REPUBLIKA.CO.ID, KAIRO -- Setelah berjibaku dengan militer dan kalah, para demonstran dari Ikhwanul Muslimin (IM) tidak tinggal diam. Berbagai rencana dan strategi tak henti disusun IM untuk melakukan pembalasan.
Dilansir dari laman Al Arabiya, setelah beberapa para aktivis Ikhwanul Muslimi dibebaskan, mereka pun menyebar agar tak terlacak oleh militer. Sisa-sisa pucuk pimpinan pun masih bisa melakukan koordinasi dengan baik melalui gerakan bawah tanah.
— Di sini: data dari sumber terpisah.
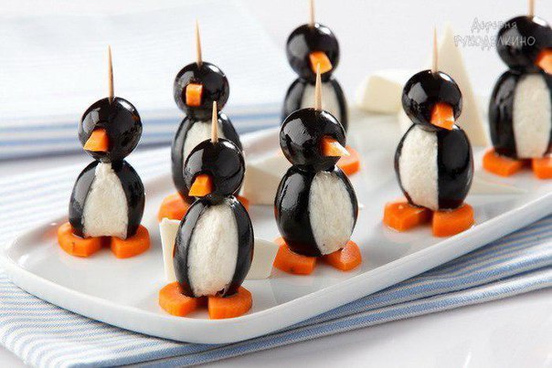 Из мягкого сыра типа моцареллы, оливок и моркови можно сделать забавных маленьких пингвинят, которые станут украшением праздничного стола. Фигурки закрепите зубочистками - и оригинальная закуска готова!
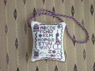 Its a freebie by Marika Belfiori ( http://www.marikabel.splinder.com/ )stitched over 1 on some mystery 28ct fabric with Ollalieberry Glorianna silk thread (one of my favourite colours by them). There was more to the gift, but I didn't take a picture before giving it to her...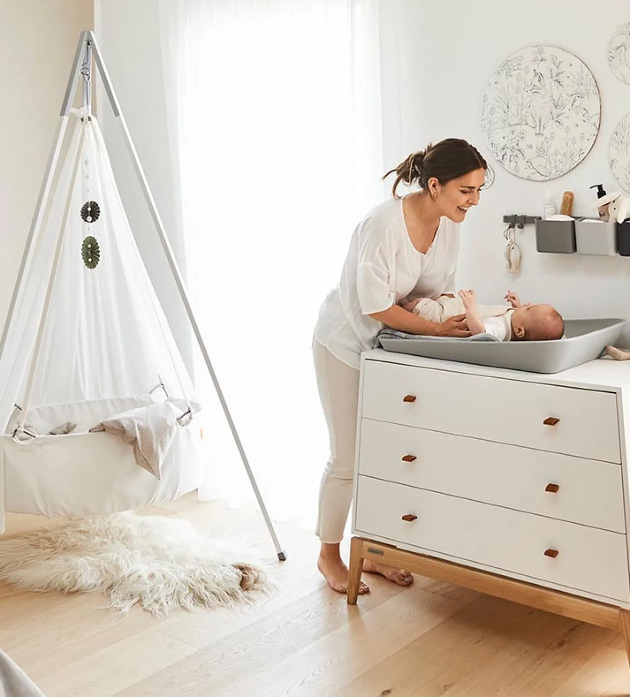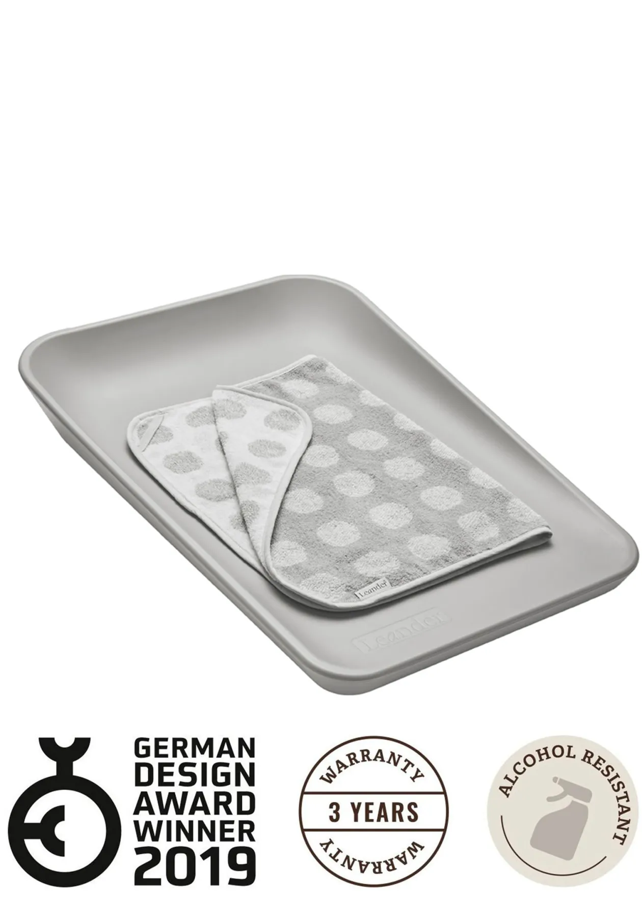 Die Wickelauflage LEANDER Matty™ ist Gewinner des German Design Award 2019 – und das zu Recht! Sie setzt nicht nur neue Standards in puncto sicheres Wickeln, sondern wird zum Lieblings-Wellnessort für dein Baby. Aus sehr weichem PUR-Formschaum in Dänemark gefertigt, fühlt sie sich für dein Baby zart, samtig und warm an und es entsteht ein wunderbar angenehmes Haut-auf-Haut-Gefühl. Ein weiterer Vorteil ist die einfache Reinigung mit Wasser oder einer milden Seifenlauge. Bei Bedarf kann die Auflage sogar mit einem Textiltuch mit Ethanol oder einem alkoholhaltigen Reiniger (max. 70 % Alkohol) desinfiziert werden. Die flexibel einsetzbare Wickelunterlage verfügt über kleine Gummifüße, die für einen stabilen Stand sorgen und ausreichend Luftzirkulation ermöglichen. Wickeln war nie komfortabler!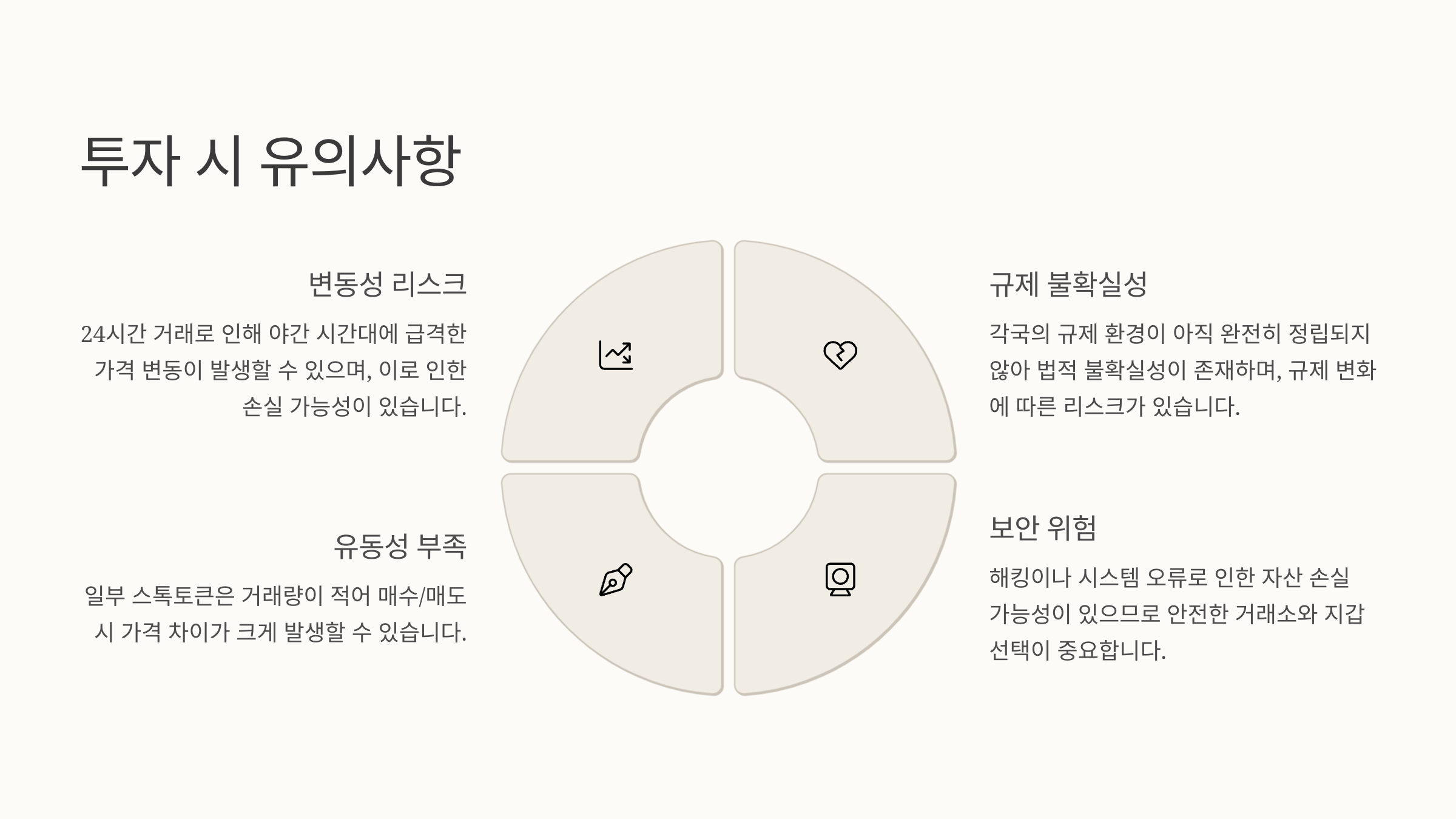 스톡토큰이 매력적인 투자 수단인 건 분명하지만, 모든 금융상품이 그렇듯이 반드시 조심해야 할 부분도 있어요. 아무리 24시간 거래가 가능하고 실시간으로 체결된다 하더라도, 그 이면에는 ‘새로운 위험 요소’가 숨어 있을 수 있거든요. 🤔

Hanya melalui jalur seperti ini mereka bisa beraksi mengatur strategi pembalasan.
Jumat lalu, IM bisa sukses menggelar demonstrasi dengan melibatkan sekitar 10 ribu massa di luar istana presiden dan lokasi lainnya yang sejalur. Kesuksesan ini, bisa dicapai karena sebelumnya telah disusun taktik untuk menjebak militer.
Taktiknya, tidak menggelar demonstrasi secara terpusat agar tak mudah kalah oleh kekuatan militer dan sedikit terjadi bentrok yang memakan korban. Para demonstran menjebak militer dengan mengatakan akan menggelar unjuk rasa besar-besaran di Lapangan Sphinx, Kairo. Pasukan keamanan pun mengerahkan seluruh jajarannya dan langsung membarikade area tersebut menggunakan kawat berduri serta tank.
Namun militer tertipu. Di area tersebut, hanya ada sedikit orang yang berdemo. Sedangkan puluhan ribu lainnya justru berdemonstrasi di lokasi lainnya. Ada sekitar 1.300 orang yang menjadi korban bentrokan di Mesir. Sebagian besar dari mereka berasal dari kelompok IM yang berusaha mempertahankan presiden terpilih mereka, Muhammad Mursi.
Salah seorang pengunjuk rasa, Ahmed Osama (18 tahun) mengatakan, perjuangan yang dilakukannya berarti besar. Apalagi ia telah kehilangan teman-teman dan saudaranya yang ditembak oleh militer. "Awalnya, yang kami perjuangkan hanya agar Mursi kembali berkuasa," katanya, Sabtu (31/8).
Namun, ketika ia melihat dengan mata kepala sendiri, orang-orang terdekatnya menjadi korban, niat pembalasan pun muncul. "Darah sudah ditumpahkan, perjuangan kami pun sudah lebih dari niat awal," katanya.
Ia memang mengakui akan menghindari melakukan aksi yang membuat pertumpahan darah. Cara-cara cerdas, demokratis, manusiawi menjadi jalan yang dipilihnya untuk membalas perlakuan militer. "Kami masih disini dan kami akan tetap berjuang," katanya.
Dua pekan lalu, kekerasan di Mesir mencapai puncaknya. IM telah lama melakukan operasi secara diam-diam lantaran lebih dari 80 tahun menjadi organisasi terlarang di Mesir. Baru pada 2011 organisasi ini bisa berhasil menggulingkan presiden Hosni Mubarak hingga semakin kuat dan menciptakan kekuatan partai politik sendiri.
Setelah bentrokan berdarah dua pekan lalu, kelompok ini tampaknya telah mengubah taktik perlawanan. Mengumpulkan massa di alun-alun utama Kairo dianggap bukan ide bagus karena banyak memakan korban.